Полный бак топлива мог отнести ее на шестьсот миль, и Мэриен отпустила свое воображение на эти мили, этот радиус. А потом, она ведь могла дозаправиться и лететь дальше. И еще дальше. Океаны перелетают и на аэропланах поменьше. Но если она удерет, Баркли только укрепится в своей решимости вернуть ее и удерживать при себе, несомненно. Если останется, может быть, он в конечном счете поймет, что они не подходят друг другу. Привязав ее к себе, накрыв колпаком, как ручного сокола, он все-таки мог ее отпустить, освободить. Если она останется, он, несмотря ни на что, может позволить ей уйти.

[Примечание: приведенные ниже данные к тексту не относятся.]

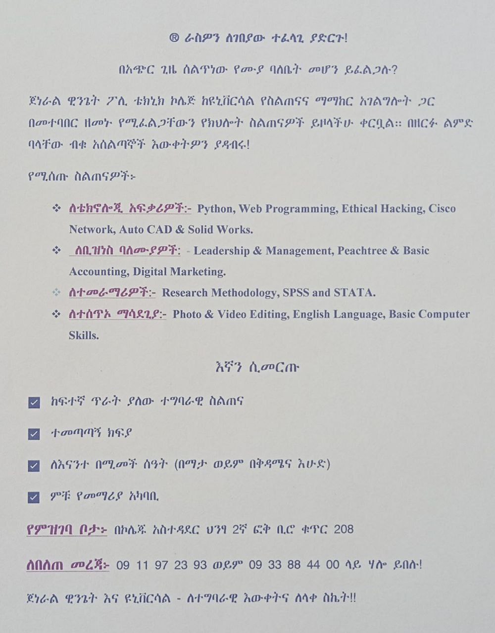 ለአጫጭር ጊዜ ስልጠና ፈላጊዎች በሙሉ

Однако перемирие, осторожная нежность сдавали свои позиции по мере таяния зимы: добрая воля двух людей, имеющих сплетенные и все же не уживающиеся желания, неизбежно иссякала. Бывало, особенно когда Баркли запрещал ей садиться за штурвал, Мэриен отворачивалась от него в постели, отбивалась от ласки. Но когда он смягчался, между ними еще разгорался огонь. Может, она никогда и не любила его, ее лишь обмануло отраженное мерцание. Баркли обездвиживал ее руки, а она злилась и мрачно смотрела на него. В марте он уехал на неделю по делам, запретив в его отсутствие летать. Через два дня на грузовике ранчо она поехала в Калиспелл, разгоняясь на грязных, петляющих дорогах ровно настолько, чтобы испугаться, опять недоумевая, как Баркли умудрился уцелеть тут пьяный. Походила по магазинам, не увидев ничего, что захотелось бы купить. Нашла место, где можно выпить, заказала три порции подряд и, отвыкнув от спиртного, опьянела. Потом припарковалась под деревом на аэродроме и стала ждать, пока кто-нибудь сядет или взлетит. Никого не было.

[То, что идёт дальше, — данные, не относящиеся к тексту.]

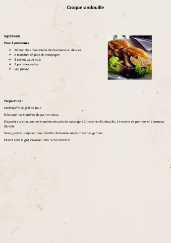Disposer sur chacune des tranches de pain de campagne 2 tranches d'andouille, 1 tranche de pomme et 1 cerneau

– Я уже решила, ты совсем уехала, – сказала ей Кейт, когда Мэриен вернулась затемно.
На следующее утро Мэриен расчехлила, отвязала «Стирман» и оттолкнулась от изрытой взлетной полосы Бэннокберна с налипшей на колеса грязью. Только в воздухе, лениво покачивая крыльями, любуясь снежными вершинами гор, она решила слетать в Миссулу и сделать сюрприз Джейми.
Парни с аэродрома подбросили ее до Рэттлснейка. Дом еще больше обветшал. Она думала, Джейми, оставшись один, приведет его в порядок, но краска отслаивалась, отошедшая черепица на крыше коробилась, вокруг дома все заросло по-зимнему коричневым сорняком. Мэриен хотела пройти в боковую дверь, но ее вдруг захлестнула волна неловкости. Впервые, сколько помнила, она прошла к главному входу и постучала.
От стука поднялся беспорядочный, неугомонный лай, похоже, по ту сторону двери собралась армия собак. Мэриен приложила ухо к деревянной панели, пытаясь услышать шаги. Опять постучала. Лай взметнулся на новую, бешеную высоту, наконец послышался скрип лестницы, голос Джейми, велевший собакам успокоиться. Дверь приоткрылась, и выглянул брат:
– Привет. – Он словно увидел незнакомку.
Под глазами темные круги, щеки водорослями облепила клокастая светлая борода, одежда испачкана краской.
– Ты ужасно выглядишь, – вместо приветствия ответила Мэриен. – Что с тобой?
– Ничего.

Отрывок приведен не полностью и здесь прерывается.